IN MANY RESPECTSshe enjoyed her long period of recuperation, on the Isle of Wight - where she read a great deal - and in Ireland, where she attended sculpture classes. Back in London, she enjoyed a bohemian lifestyle, mixing with artists and theatrical people, including Gordon Souter, who she married.

She had started to paint and, establishing a pattern that would become familiar throughout her life, she set off with her first baby and precious little money, to paint in Italy.

Cormican's documentation of her work begins in the mid-1950s, when she was back in Dublin. Though she obviously did produce paintings prior to that she seems unhappy with them.

In any case, commentators noted that she seemed to arrive as a fully-formed artist on the Irish art scene. Her early style drew on European Tachisme and American Abstract Expressionism. Her playful, brightly coloured, spiky, linear compositions also strongly recalled aspects of Klee and Miro.

Another spell in Italy presaged a stay on Achill, a place which has been extremely important in her life and where she now lives.

WHEN SHE MARRIEDthe sculptor Frank Morris in 1960, however, they settled not on Achill but in a remote cottage on Calary Bog. Her early style modulated to something more subtle and considered. Layers of colour build towards radiant, watery evocations of place. Her work is habitually intimate in scale. Collectors love her lyrical, delicately observed landscapes, and she is reasonably bracketed with a strain of Celtic romanticism. Yet that is only one part of her artistic personality.
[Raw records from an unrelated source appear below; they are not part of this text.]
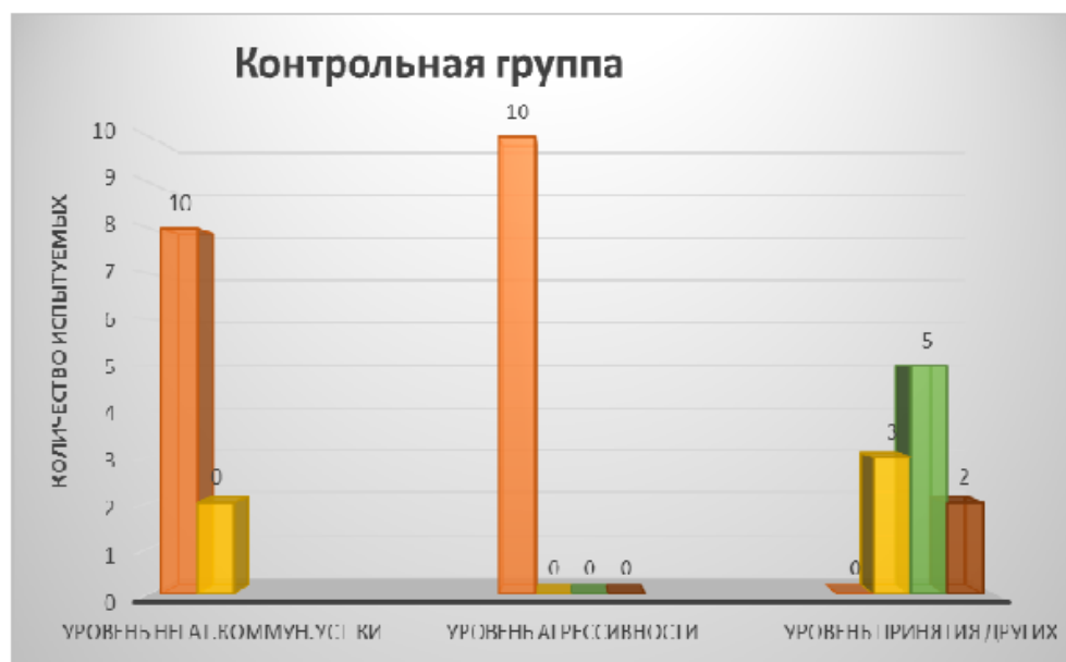
Рис. 5. Результат исследования контрольной группы

Анализируя результаты исследования, полученные по проведенным методикам, можно проследить, что у экспериментальной группы показатели по тесту Бойко В.В. Диагностика коммуникативных установок имеют выраженную негативную коммуникативную установку в количестве 6 из 10 человек, проективная методика «Рисунок несуществующего животного» имеет ярко выраженный слабый уровень агрессии (10 из 10 человек). Завышенный уровень негативной коммуникативной установки, как уже говорилось ранее, может не влиять на уровень агрессивности в целом, т.к. у подростка нет предшествующего жизненного коммуникативного опыта и сформировавшейся, целостной «Я-концепции» в силу своего возраста, поэтому комму-
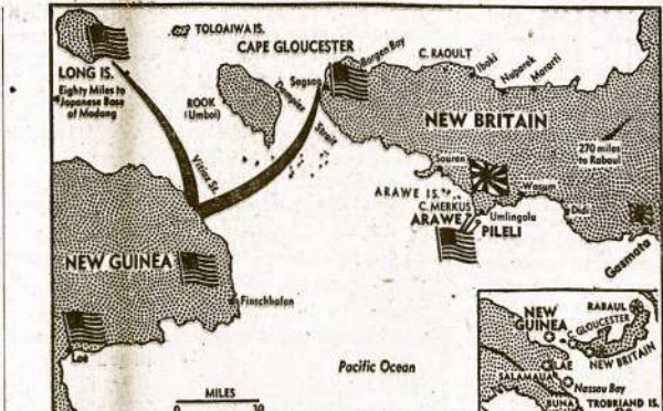
Vieno karo fronto Pacifike žemėlapis. Jame atžymėta vakarinė dalis New Britain salos kur šiom dienom mūsų jėgos padarė invaziją ir ištrėnkė japonus iš svarbaus punkto Gloucester lėkyvulį. Šioj salos dalyj mūsų kariai jau turi pačm bent du aerodromu, iš kur jau daužoma pati svarbiausia japonų bazė rytiniame salos kampe Rabaul.

Jis netyčia pasakė, kad buvusi prie tautininkų režimo Lietuvos vėliava nebuvo
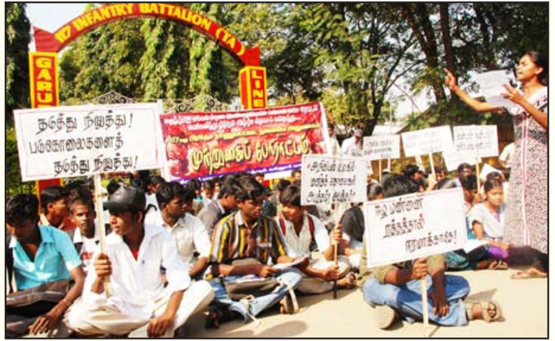
ராஜபக்சே கும்பலுடன் கைகோர்த்துக் கொண்டு ஈழத்தமிழின அழிப்புப் போரை நடத்திவரும் இந்திய அரசை அம்பலப்படுத்தி, 12.02.2009 அன்று திருச்சியில் அனைத்துப் பள்ளி - கல்லூரி மாணவர்களை அணிதிரட்டி, மத்தியப் பேருந்து நிலையம் அருகே உள்ள 117-ஆவது பிரதேச இராணுவப்படைத் தலைமை அலுவலகத்தை முற்றுகையிட்டு பு.மா.இ.மு. நடத்திய ஆர்ப்பாட்டம் (கோப்புப் படம்)

கசாப்புக்காரனிடமே காரணம் கோரும் கதையாக, கொலைகாரன் மன்மோகனிடமே, இங்குள்ள ஓட்டுக் கட்சிகள் ‘கோரிக்கை’ வைத்துக் கொண்டிருந்த சூழலில், தமிழக மக்கள் போராட்டங்கள் இந்திய அரசுக்கும் ஆளும் வர்க்கங்களுக்கும் எதிராக நடத்தப்பட வேண்டும் என்று ம.க.இ.க., பு.மா.இ.மு., பு.ஜ.தொ.மு., வி.வி.மு., பெ.வி.மு., ஆகிய அமைப்புகள் முன்வைத்தன. அந்த அடிப்படையில் அவ்வமைப்பினர், 2008 நவம்பரில் “ஈழத்தமிழர்படுகொலைக்குத் துணைநிற்கும் இந்திய அரசை முறியடிப்போம்”, “கொலைவெறி பிடித்த மன்மோகன் சிங்கே, உன் டாடாவும், அம்பானியும் கொள்ளையடிக்க எங்கள் ஈழத் தமிழர் சாக வேண்டுமா?” - என விண்ணதிரும் முழக்கங்களை எழுப்பி, சென்னை அண்ணாசாலையை மறித்து, நந்தனம் இராணுவ எஸ்டேட் அலுவலகத்தைத் திடீரென்று முற்றுகையிட்டுப் போராடினர். திருச்சி இராணுவ வளாகத்தை (கண்டோன்மெண்ட்)

She is drawn to much thornier subjects: like Chaïm Soutine to meat hanging in slaughterhouses, to evocations of flight in another remarkable series of paintings, for which she took flying lessons, to horribly wounded airmen, recalled from her days as a nurse, and to the war in the Kuwaiti dessert.

The latter is a classic case of the biographer becoming part of the story of his subject. Souter went to Kuwait with Cormican, who was visiting his sister there in 1999.

Though it is true to say that she very much wanted to go, having been interested in the region since the first Gulf War.

Her autonomy and her determination to live her life on her own terms are extraordinary in the context.

For long periods she has had to survive on minimal means, and it is almost as if she has accepted straitened circumstances as the price of freedom.

All the same, as Cormican notes, she has raised five children on her income as an artist: no mean feat. There is a modestly to his approach in that he does not attempt to locate Souter's work in the context of contemporary art theory, something we have cause to be grateful about. He does, though, feel the need to assert her worth in a fairly vague way, which merely underlines the fact that there is still much to be discovered about one of the best, most distinctive bodies of work ever produced by an Irish artist.

• Camille Souter: The Mirror in the Sea by Garrett Cormican (Whyte's) €60.